For now, we only have investigated dynamic clusters. We have seen that dynamic clusters successfully group together samples having similar runtime behaviors and sharing the same C&C infrastructure. We can now obtain a second perspective on the results with the second type of clustering based on static code similarity supported by LLKB. Using the facet navigation, we can now choose the code-hash clustering view of the data: as pictured below, the samples from our search all belong to the same cluster: 'c#_wxp_ransomware_unknown_1552'.

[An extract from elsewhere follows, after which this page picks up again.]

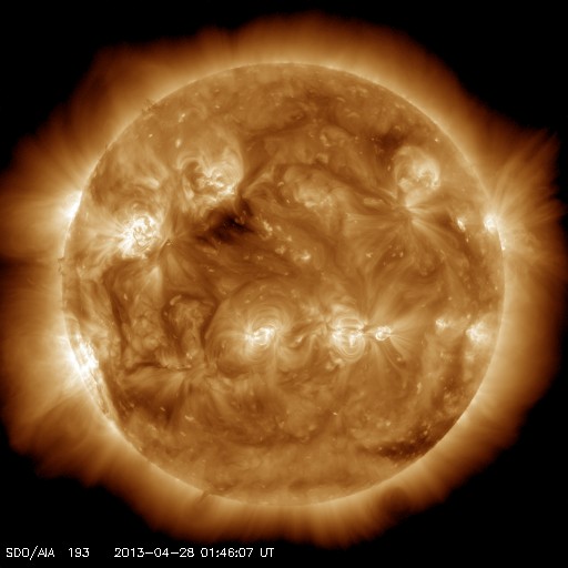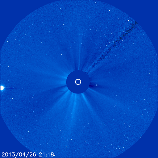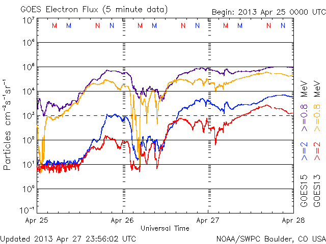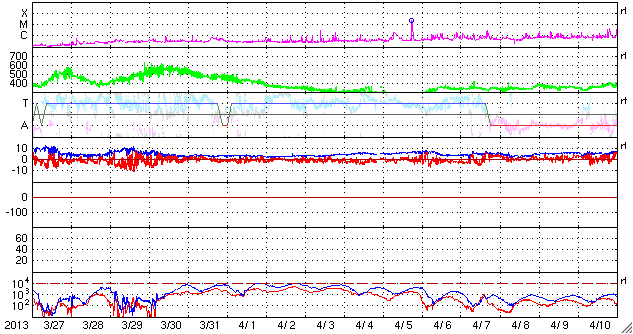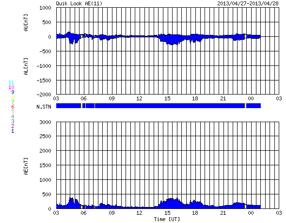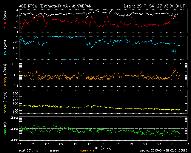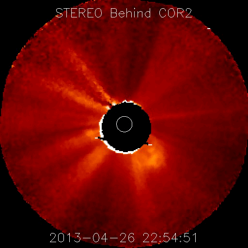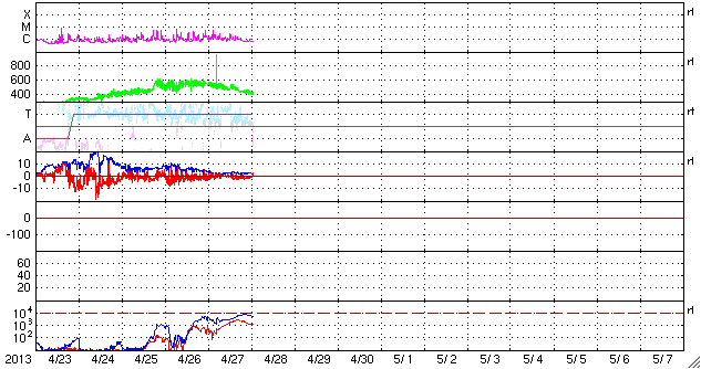 2013/ 4/28 11:01 更新 昨日のフィラメント噴出によりCMEが発生しています。高速の太陽風は終わりました。 担当 篠原 昨日のニュースで紹介した太陽のフィラメント噴出によるCMEの様子を、 SOHO衛星LASCO C3カメラと、 STEREO Behind衛星COR2カメラの動画で紹介します。 SOHOの動画では、太陽の下に向かって白いガスが広がって行きます。 同時に右にも噴き出しているCMEがありますが、 これは太陽の裏側で発生した現象の様です。 STEREO Behind衛星で太陽の斜め向こうから観測すると、 地球側で発生したCMEが右下に、反対側で発生したCMEが左側に それぞれ違う方向に飛び出しています。 CMEはかなり南向きに偏って噴き出していて、 地球方向への噴き出しは弱いようです。 どの程度の影響がやって来るのか、 30日から5月1日くらいの太陽風の変化に注目してください。 太陽では、活発に活動していた1726黒点群が、 西の端に没して見えなくなってしまいました。 それとともに、X線グラフの変動も小さくなっています。 残った黒点群では、北東の1731黒点群と南東端の1732黒点群で、 それぞれC1の小さなフレアが発生しています。 今後はこの辺りの活動に注目してください。 太陽風は、ゆっくりと速度が下がり、 既に420km/秒と高速状態は終わっています。 磁場強度も3nT前後と弱めの状態です。 太陽風の強まりは2日程度で終わりました。 27日周期の図で前周期と比較すると、前半の速度の山はなくなり、 後半の高まりも期間が短くなっています。 コロナホールは大きくなっていたのですが、 地球への影響は弱まっています。 磁気圏では、AE指数で300nT程度の小規模の活動が度々発生しています。 太陽風が弱まってきたため、今後はより静かになりそうです。 放射線帯の高エネルギー電子は、昨日よりも増加していますが、 10,000のレベルには達していません。 増加はこのくらいで落ち着きそうです。

By clicking on that view and selecting this cluster, a new search is automatically triggered. This second search has extended the number of results. This behavior was to be expected since static clusters group together samples sharing important portions of their code base, independently of the malware author configuration and the runtime environment. Zepto is known to be a straight variant of Locky code wise but configured differently to use a different file extension and to point to a different C&C infrastructure. These differences observable at runtime disappear at the level of static code hashes as illustrated by the clusters overlap in the picture below (a single code-hash cluster pointing to multiple dynamic cluster
This second search has also enriched the number of IPs and domains bubbled up from the reports. Code hashes clusters, as we just said, are more resistant to environment changes, in particular at the network level. Over time, the C&C infrastructure of a malware can be relocated to avoid blacklisting or sinkholes can be deployed by researchers or law enforcement to observe the C&C communications. The two pictures below, first the enriched set of IPs and domains, and second, an extract of the HTTP traffic observed in one of the samples. The picture shows clear difference of traffic between an active C&C host and a sinkholed host.

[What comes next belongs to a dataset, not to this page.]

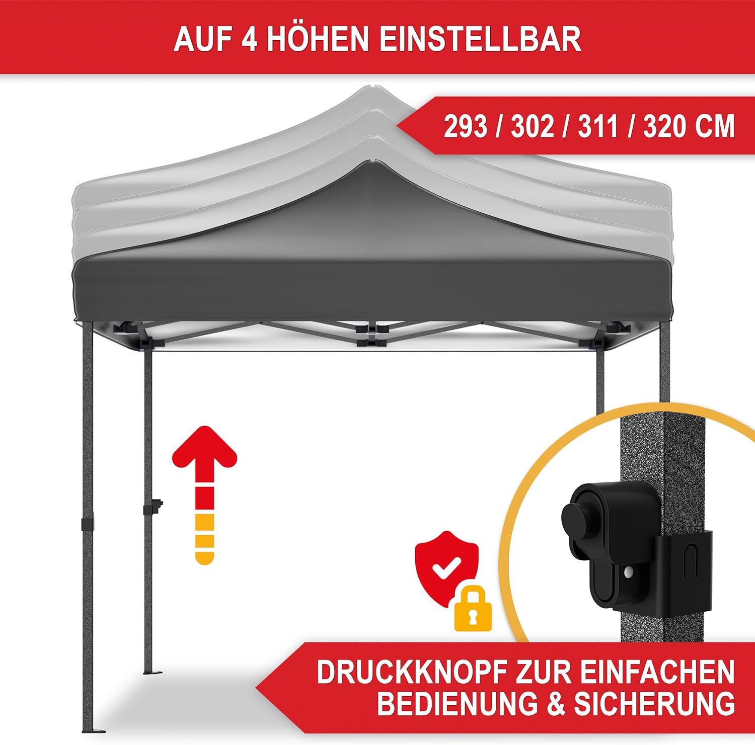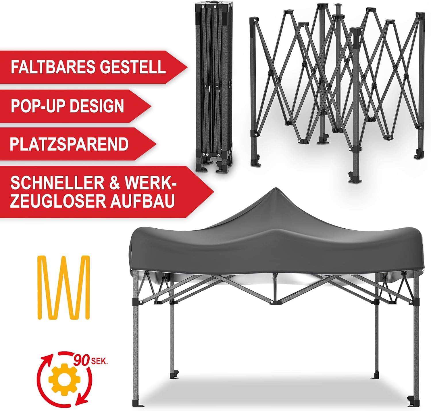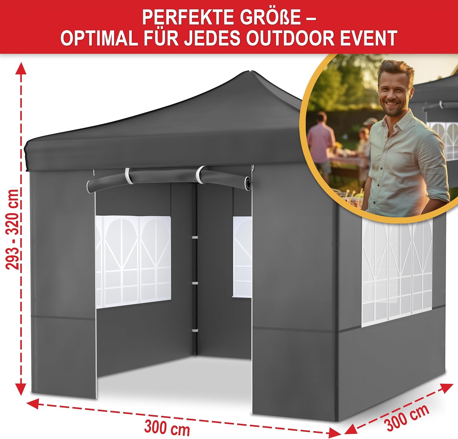 Partyzelt Pavillon Grau Garten 3 x 3 Meter

An interesting intel, provided by the query and shown in the picture below, is the timeline of the samples and their associated AV labels. These labels are generated for reference from the AV information available at the time of the analysis. A first observation is that the cluster label is usually more consistent than the AV labels associated to the samples belonging to the cluster. AV names tend to be mixed and inconsistent across samples and products. A second observation with regards to these labels is that a certain number of samples are labeled as 'Undetected' only samples missed by the major AV products when generating the label are marked as undetected. Knowing that Zepto was discovered on June 30th, the Lastline scores in comparison show that from day one, the threat was successfully covered.
From there, we can now start a drill down operation by picking up the first domain returned by the system: rbwubtpsyokqn.info. You just copy-paste it in the search bar to start your search.

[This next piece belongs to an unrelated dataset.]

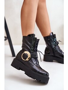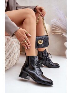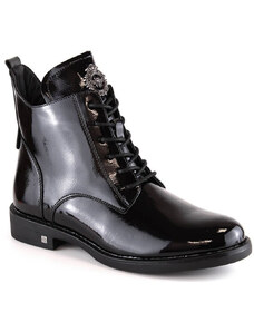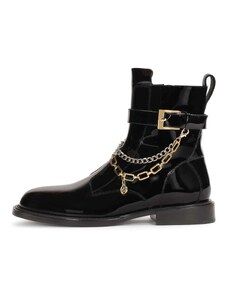 Boto Lakované Botky Pracovné Dámske So Zlatým Reťazcom Zateplené Čierne Sarinae

When you search by IP address or domain, LLKB provides you additional networking information around your search term such as the passive DNS information. This information, as given in the example below, is interesting to understand the evolution and movement of the threat and its C&C infrastructure.
Through these different use cases, we have shown that the Lastline Knowledge Base is a very flexible tool supporting different types of workflows. LLKB allows users to rapidly obtain global information about a threat, in particular thanks to its new clustering feature. As we have seen, global information enables a better assessment of the threat, of its properties but also provides actionable items to build informed remediation plans: threat identification to search for remediation tools, identification of the dominant dropping mechanisms, information shared by the threat such as IPs and domains for blacklisting, similar threat reports for robust IOC profile generation. LLKB also allows users to drill down and to perform deeper analyses by searching for any of the elements shared by the threat under scrutiny.